それでもテレビCM放映にゴーサインを出した理由は、“巣ごもり”でテレビの視聴率が高くなっていたこと、生産者側で売上減少と余剰在庫に困っていること、さらに「“産直通販”といえば『食べチョク』」という第一想起を獲得するためだったという。

「『食べチョク』は他社に対して後追いの事業だったこともあり、このタイミングでの送料の一部負担やテレビCMに関しては、いかに早く意思決定し、実行するかが重要だと考えました。『食べチョク』のようなBtoCのサービスでは外的要因の影響が大きいので、その要因にいかにフィットしていくのか、大胆でスピーディーな意思決定がビジネス上非常に重要だと考えています」

同じ時期にはLINEによる接客の仕組み作りや、提携業者のキッチンカーを使ってマンションや公園で野菜を販売するといったオフライン施策も積み重ね、データの収集と仮説の検証を高速で回した。「手と足でデータを集めてスピーディーに検証し、必要な材料を集めながら素早い意思決定で、“次”に進んでいきました」(松浦氏)。

方針転換期:各顧客の好みにピンポイントでマッチさせる

一定の認知を獲得した後に課題となったのは、“継続的なサービスの成長”だったという。SEOや友だち紹介経由といった広告に頼らないチャネル起点のマーケティングに限界を感じた松浦氏は、一人ひとりのユーザーを深く理解する「N1起点」の戦略に転換。消費者が楽しみながらサービスを利用しているという分析から、コンテンツ強化に踏み切った。
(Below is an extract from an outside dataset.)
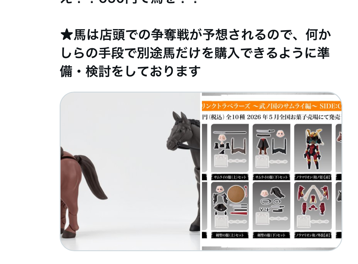 | … | 509無念Nameとしあき25/11/12(水)21:58:20No.1365686053+>冷静に考えると食玩の馬ふたつよりキャラセレの馬が高いのか… |

「桃の品種ごとの特徴をチャートにして可視化した『桃ラボ』は、消費者が楽しみながら商品を選べます。また、母の日と食がどのように結びついているのかを深掘りして母の日キャンペーンを実施するなど、“N1起点”でサービスを使っていただいている理由を特定してしっかりと企画を作っていきました」

さらに、そのユーザーの好みと商品をマッチさせるためにレコメンド機能を自社開発。「『硬い桃が好きな人』には該当する品種を自動で提案する仕組みを作るなど、SEO、広告、メルマガ、LINEと、サイト内の商品とユーザーをピンポイントでマッチングさせています」

画像提供:株式会社ビビッドガーデン(カンファレンス登壇資料より)

利用頻度向上×利用シーンの拡張で、次のフェーズへ

N1起点の施策によって、広く「桃はいかがですか?」ではなく、「あなたには『この硬い桃がおすすめです」といった精度の高いレコメンドを実現しているという「食べチョク」。松浦氏はさらなる事業成長に向けての課題を、「利用頻度の向上」と「さらなる利用シーンの拡張」の2つと捉えている。
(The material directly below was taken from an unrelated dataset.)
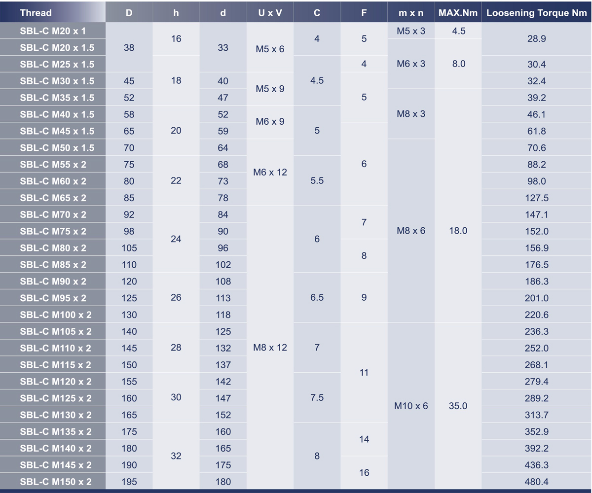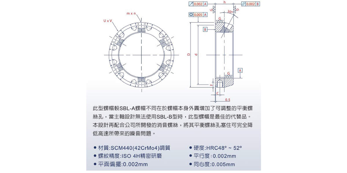 此型螺帽較 SBL-A螺帽不同在于螺帽本身外圓增加了可調整的平衡螺絲孔,當主軸設計無法使用 SBL-B型時,此型螺帽是最佳的代替品。本設計再配合公司所開發的消音螺絲將其平衡螺絲孔塞住,可完全降低高速所帶來的噪音問題。

「『利用シーンの拡張』は、例えば、訳あり品を求める消費者や、週末だけ魚をさばいて食べたいといったニーズなど、多様な目的で「食べチョク」を利用したい層に向けた企画やコンテンツ作りを進めていこうと考えています。

また『利用頻度を上げる』取り組みとしては、自社で商品を仕入れてアソートし、定期便のように配送する新規事業もスタートしています。これは“日常使い”を促す取り組みです。今はマッチングを武器にさらに事業を拡張させていくフェーズに入っています」


生産者に寄り添いつつ、消費者ニーズの変化も敏感に感じ取りながらアップデートしてきた「食べチョク」。すでに次のステージを見据えている同サービスの今後に、引き続き注目したい。

松浦 悠介
株式会社ビビッドガーデン 執行役員
一橋大学卒業後、外資系IT企業でアジア初の職種で新卒入社。2018年にビビッドガーデンに入社、「食べチョク」事業のマーケティング責任者として事業の成長を牽引。現在は新規事業管掌役員として、地域産品のPRや食品メーカーのマーケティング支援等にも関わる。また、PERSOL社「Miraiz」にてマーケティング講師を務め、MarkezineやLINE SMB DAYなどでの登壇経験。プライベートでは小田原市に移住・新規就農した妻の農園「はれやか農園」を手伝い。週末は基本的には農作業に取り組む。